Symbolic targets include municipalities, universities, media outlets, and public institutions. These organizations may be targeted primarily for visibility, messaging, or propaganda purposes. Even limited disruption or data exposure can generate headlines and amplify the perceived reach of the attackers.
Operational targets include sectors that support everyday economic and social activity, such as telecommunications providers, transportation systems, payment networks, and fuel distribution infrastructure. Disruptions in these areas can quickly affect daily life, creating public anxiety and increasing pressure on authorities to respond.
Strategic targets consist of entities whose compromise offers long-term intelligence or operational value. This category includes defense contractors, major financial institutions, government networks, and operators of critical infrastructure. In these cases, adversaries may prioritize persistence and stealth to collect intelligence, monitor decision-making processes, or maintain access that could be leveraged during future crises.
Taken together, these targeting patterns illustrate a broader shift in cyber operations: Attackers are increasingly selecting targets not only for their intrinsic value, but for the broader political, economic, and societal effects that disruption or compromise can produce.
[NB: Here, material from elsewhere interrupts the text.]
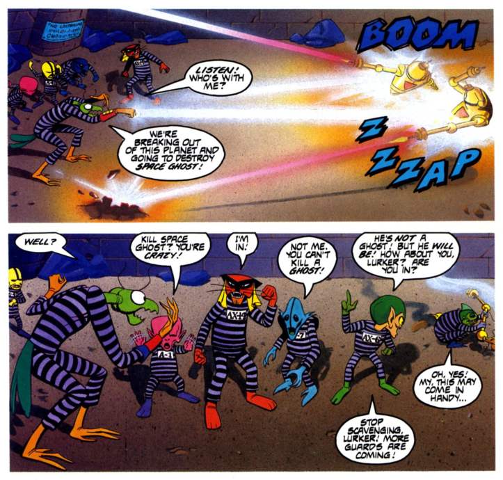 Ou tale opens on Gaolworld, this desolate asteroid prison floating in the void of space. Four of Space Ghost’s most dangerous enemies are locked up there—Zorak (that mantis-like menace), the Creature King, Brak, and Lurker. Zorak’s ranting about destroying Space Ghost when he gets zapped by a robot sentry for stepping out of line during their prison march.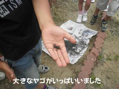 泥の中からヤゴを見つけると,歓声をあげていました。

What should organizations monitor?
In the current phase of the conflict, organizations should continue to monitor for indicators that activity is shifting from opportunistic disruption toward deliberate intrusion or access preparation.
Internet-facing infrastructure is often the initial entry point. Elevated scanning or probing of public websites, VPN gateways, remote access portals, cloud services, and email authentication infrastructure may indicate early reconnaissance. While some scanning is routine, sudden increases in probing activity or authentication attempts should be treated as potential precursors to intrusion.
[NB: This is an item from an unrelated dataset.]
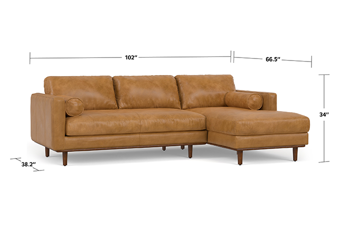 - Generously sized to offer comfortable seating for 4 people, this right-facing, Mid Century - Modern sectional sofa measures 102-inches wide and accommodates up to 1,200 lbs.

Phishing and social engineering campaigns are also likely to intensify. Threat actors may exploit developments in the conflict by using lures that reference civil defense alerts, battlefield updates, humanitarian messaging, or urgent requests that appear to originate from leadership or trusted partners. In some cases, malicious applications or replicas of legitimate services may be used to harvest credentials or deploy malware.
Credential misuse remains a primary access vector. Security teams should monitor for abnormal authentication patterns, including logins from unusual geographic locations, access at unexpected hours, repeated failed logins followed by success, changes to multi-factor authentication settings, or the creation of new privileged accounts.
Organizations operatingcritical infrastructure should closely monitor activities within their operational environments. Suspicious access to remote management platforms, unusual connectivity between IT and OT networks, or unexpected activity involving engineering workstations or vendor access channels may signal reconnaissance within sensitive systems.
Finally, monitoring the broader information environment can provide early warning and signal the need to increase monitoring. Hacktivist groups frequently use platforms such as Telegram and X to circulate target lists, claim attacks, or release fragments of allegedly stolen data tied to geopolitical events. Tracking these channels can help organizations identify potential targets and strengthen their defensive posture before malicious activity reaches their networks.